An adjunct test to help tailor treatments
The random urine test panel can also be used as an adjunct diagnostic test in scenarios where acute and baseline serum tryptase measurements cannot be readily attained.
“It still allows providers to measure potential mast cell mediator products without having to do an invasive blood draw,” says Dayne Voelker, M.D., an allergist-immunologist, who specializes in mast cell diseases at Mayo. “So it offers these other biomarkers and also helps with potential individualized treatment recommendations based off of test results. With a challenging disease state to diagnose, such as mass activation syndrome, these urine mast cell mediators can help provide a bridge to potentially help better diagnose patients with the disease.”
If one of these mast cell mediators is elevated in a urine sample, there are targeted therapies such as antihistamines or different leukotriene antagonists or prostaglandin inhibitors that can specifically target one of these elevated mediators. Because MCAS has many symptoms and presentations that involve different organ systems, it’s important that treatment be individualized for each patient. Dr. Voelker continues, “These mediators have been shown to be elevated not only in mass cell activation but in other conditions like nasal polyposis, and in patients with chronic hives. So, if one of those products is high, we can do tailored therapy and then provide more individualized treatment for these patients as well.”
A feedback loop between lab and clinic
The random urine-based mast cell mediator tests, for which Dr. Vanderboom is a specialist, are run in Mayo’s Clinical Mass Spectrometry Laboratory. Another reason this panel is a much-needed diagnostic tool is that traditional tryptase testing can have limitations.

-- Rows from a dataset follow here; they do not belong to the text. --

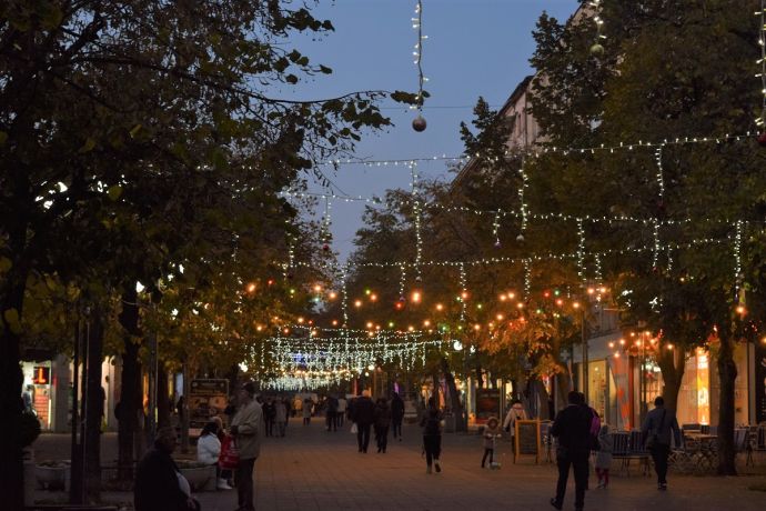 Празничното настроение по пешеходната зона ще създават над 500 висулки, които ще бъдат комбинирани с разноцветни светещи топки.
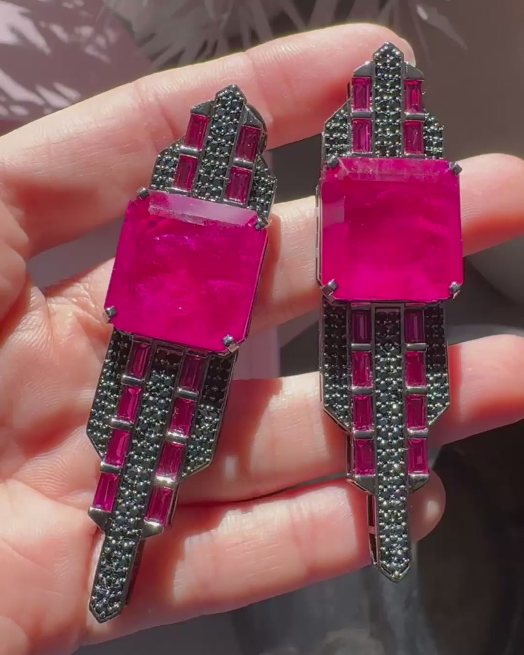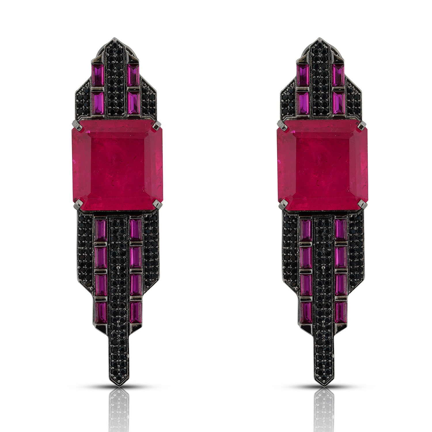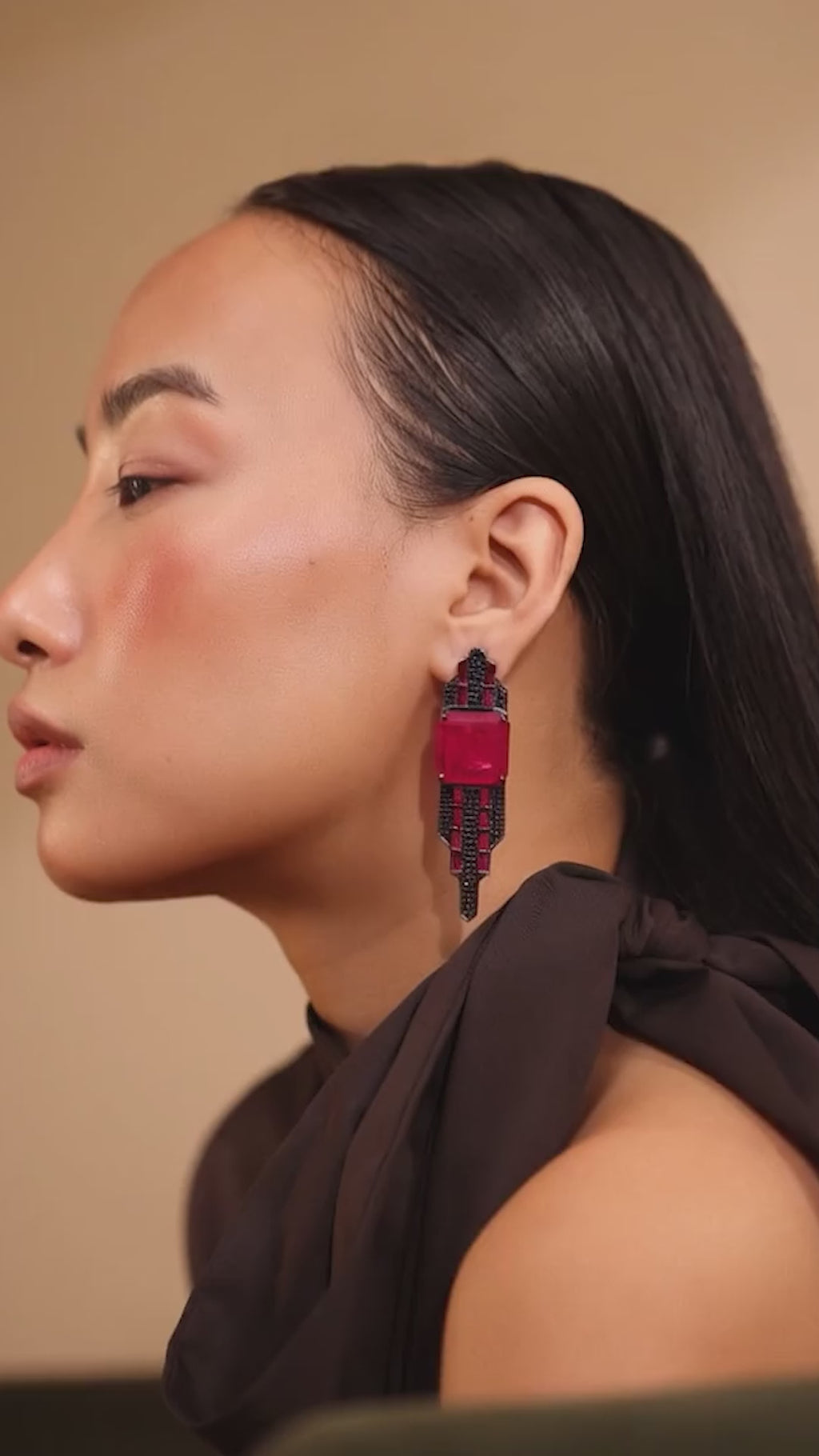 Bold and architectural, the Alice Drop Earrings are an ode to Art Deco drama. A striking ruby-hued centrepiece commands attention, framed by sharp lines of baguette cuts and CZ detailing in deep noir. Their silhouette evokes the skyline of a modern city — powerful, elegant, and endlessly alluring.
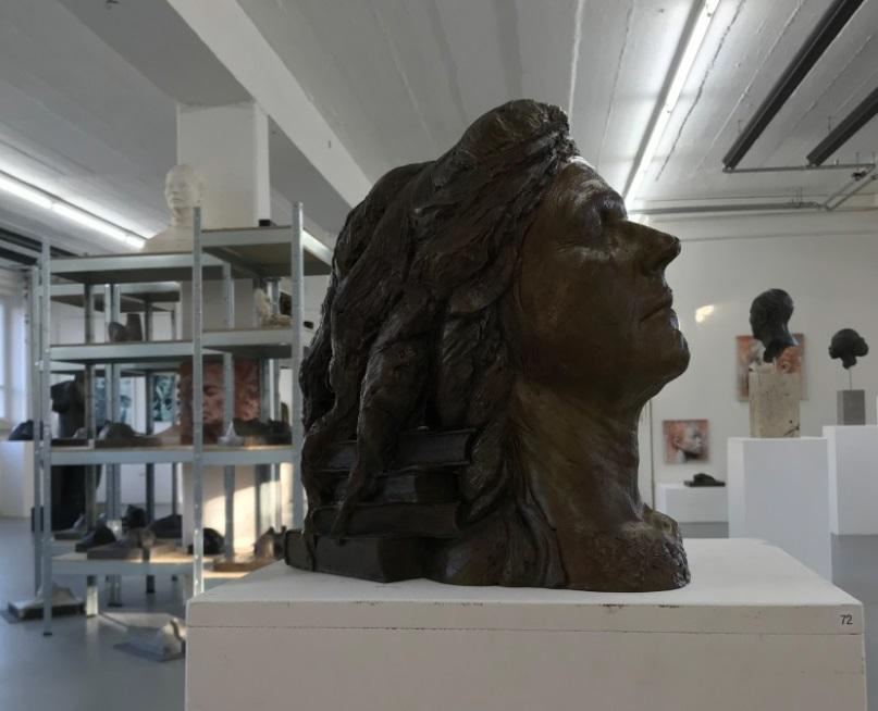 Immer wieder ein Exponat der besonderen Art ist für mich der Bronzeguss mit dem Titel "Buchhändlerin". Zwei Aspekte sind es, die mich bewegen, näher darauf einzugehen. Zum einen zeigt uns die Arbeit, wie MM vorgeht bzw. wie sie zu ihren Werken kommt. Denn diese Buchhändlerin gibt es tatsächlich – und sie übt diesen Beruf ganz in der Nähe auch aus. Am Anfang steht also eine reale Begegnung der Künstlerin MM mit einem Menschen: ein Ausgangspunkt, der Ideen freisetzt und einen künstlerischen Prozess in Gang setzt, ohne genau zu wissen, was am Ende dabei herauskommt. Und der weitere Grund, weshalb ich näher auf das Werk eingehe: Immer dann, wenn es bei der künstlerischen Umsetzung neben allen personenbezogenen Aspekten um die Darstellung von Typen und Gattungen geht, spielen Attribute und Bilder eine wesentliche Rolle. In diesem Falle sind es Bücher, die aufgestapelt liegen, der Kopf der Frau ist leicht nach hinten geneigt, der Nacken ist an den Bücherstapel angelehnt und die langen Haare umschließen diesen teilweise. Die Augen sind geschlossen.
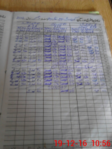 | CNIC | Full Name | Designation | R/C | Absence During Last Calender Month |
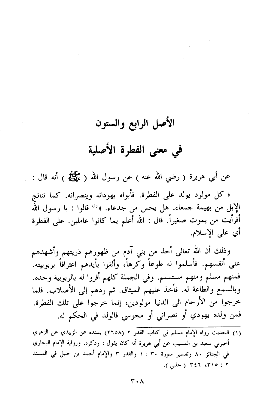 عَن أبي هُرَيْرَة رَضِي الله عَنهُ عَن رَسُول الله صلى الله عَلَيْهِ وَسلم أَنه قَالَ كل مَوْلُود يُولد على الْفطْرَة فَأَبَوَاهُ يُهَوِّدَانِهِ وَيُنَصِّرَانِهِ كَمَا تناتج الْإِبِل من بَهِيمَة جَمْعَاء هَل يحس من جَدْعَاء قَالُوا يَا رَسُول الله أَفَرَأَيْت من يَمُوت صَغِيرا قَالَ الله أعلم بِمَا كَانُوا عاملين على الْفطْرَة أَي على الْإِسْلَام

“Harmonizing test results across labs is difficult for any analyte really, but proteins like tryptase can be especially tricky,” says Dr. Vanderboom. “In addition, approximately 5% of the population carries extra copies of alpha-tryptase, resulting in a benign condition known as hereditary alpha-tryptasemia. These patients have elevated baseline levels of tryptase, which can complicate the interpretation of this test.”
Another challenge is that allergists often do not have the expertise to facilitate a diagnostic workup of patients with symptoms not readily explainable by a mast cell activation process. But Mayo Clinic is well-equipped to offer this random urine test panel and to diagnose the syndrome.
“I think Mayo as an institution has done a lot of the clinical studies that demonstrate the utility of this panel, and that feedback has come to us as a lab,” says Dr. Vanderboom. “We've incorporated as much of that information as we can to improve the tests, for example.”
Dr. Voelker adds his perspective: “We have experts in the field of mast cell disorders, including mast cell activation syndrome as well as mastocytosis. So I think our clinical experience, along with the laboratory capabilities, uniquely sets us up as one of the few centers in the country to readily diagnose mast cell activation syndrome and to provide optimal treatment for these patients.”